◆ **About this task**
Reproduce, exactly and in full, the lines from the one with "Naszyjnik wykonany z" through the one with "Açılabilir tokalı, açık" in the data below; drop pictures.
Top of Data under study
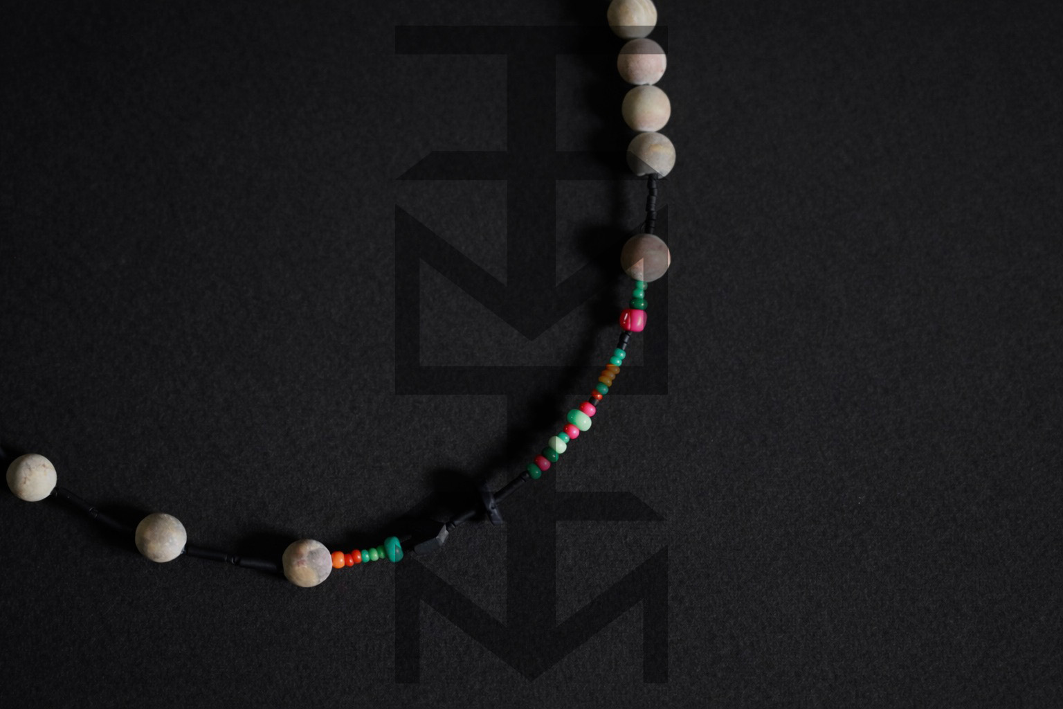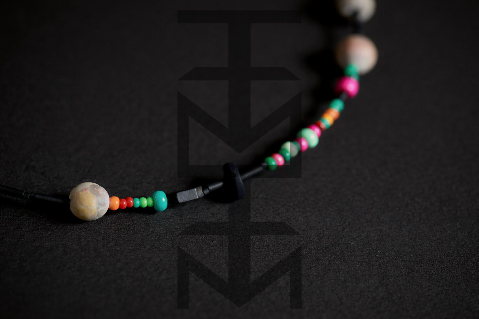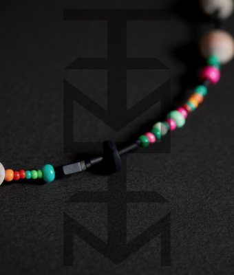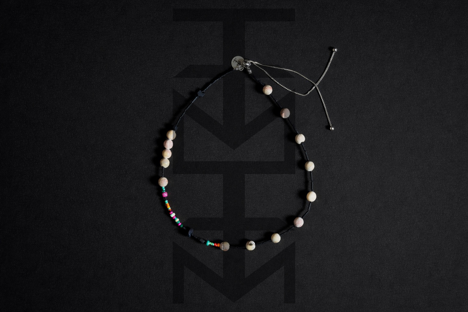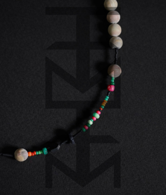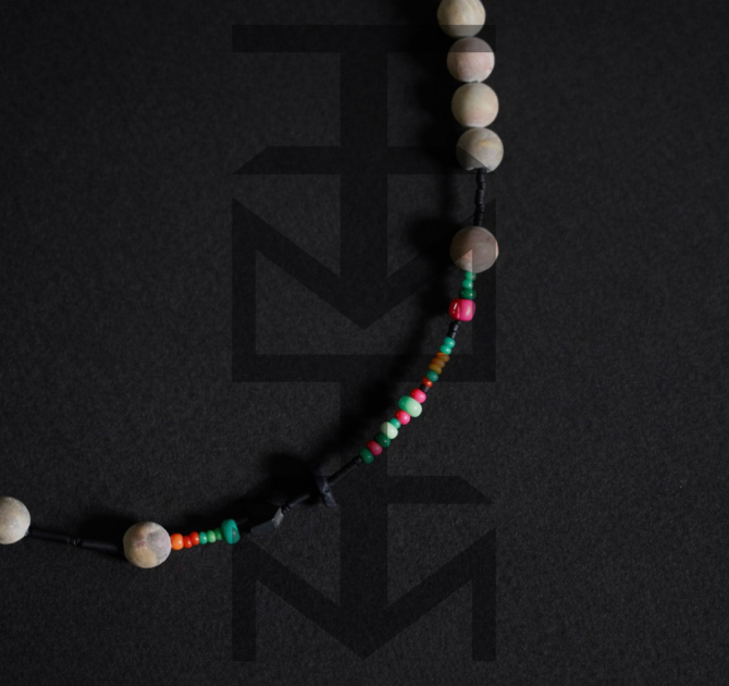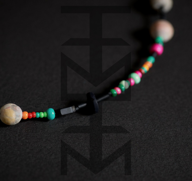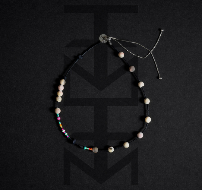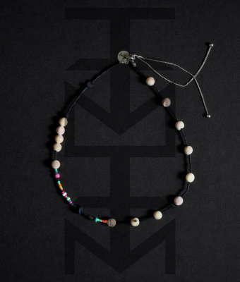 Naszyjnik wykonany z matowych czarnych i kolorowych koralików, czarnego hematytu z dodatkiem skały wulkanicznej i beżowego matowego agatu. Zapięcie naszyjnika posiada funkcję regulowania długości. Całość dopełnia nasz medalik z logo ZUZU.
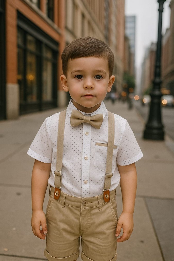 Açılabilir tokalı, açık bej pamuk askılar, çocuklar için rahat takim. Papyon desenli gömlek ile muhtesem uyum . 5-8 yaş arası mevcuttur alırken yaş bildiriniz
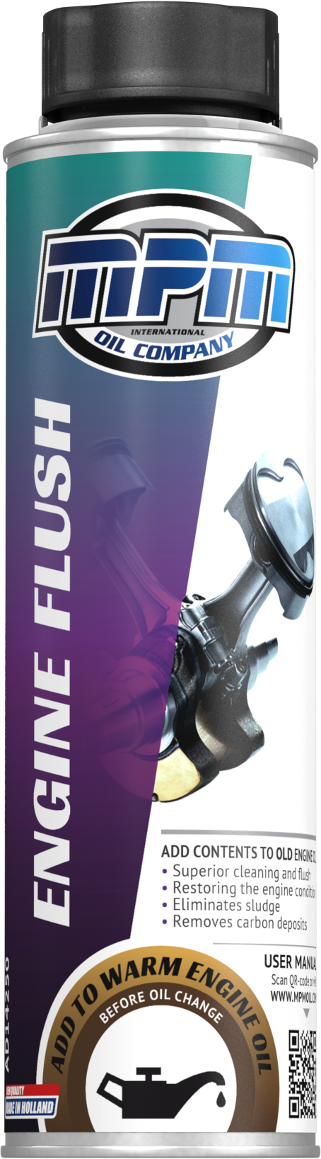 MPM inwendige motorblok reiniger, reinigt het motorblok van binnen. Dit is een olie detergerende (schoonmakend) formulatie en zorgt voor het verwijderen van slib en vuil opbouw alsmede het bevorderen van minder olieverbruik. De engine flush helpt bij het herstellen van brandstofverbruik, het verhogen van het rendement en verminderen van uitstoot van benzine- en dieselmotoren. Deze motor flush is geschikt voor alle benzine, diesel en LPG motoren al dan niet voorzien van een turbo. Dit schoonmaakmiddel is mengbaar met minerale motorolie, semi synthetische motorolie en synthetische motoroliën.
Bottom of Data under study
Top of Data under study
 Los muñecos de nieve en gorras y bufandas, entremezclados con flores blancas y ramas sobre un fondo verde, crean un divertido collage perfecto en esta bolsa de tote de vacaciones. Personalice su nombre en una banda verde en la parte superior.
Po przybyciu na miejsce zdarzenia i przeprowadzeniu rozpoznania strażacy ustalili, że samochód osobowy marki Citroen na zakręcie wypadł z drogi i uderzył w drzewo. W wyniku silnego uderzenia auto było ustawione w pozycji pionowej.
Bottom of Data under study
◆ **Response to this task**
 Naszyjnik wykonany z matowych czarnych i kolorowych koralików, czarnego hematytu z dodatkiem skały wulkanicznej i beżowego matowego agatu. Zapięcie naszyjnika posiada funkcję regulowania długości. Całość dopełnia nasz medalik z logo ZUZU.
 Açılabilir tokalı, açık bej pamuk askılar, çocuklar için rahat takim. Papyon desenli gömlek ile muhtesem uyum . 5-8 yaş arası mevcuttur alırken yaş bildiriniz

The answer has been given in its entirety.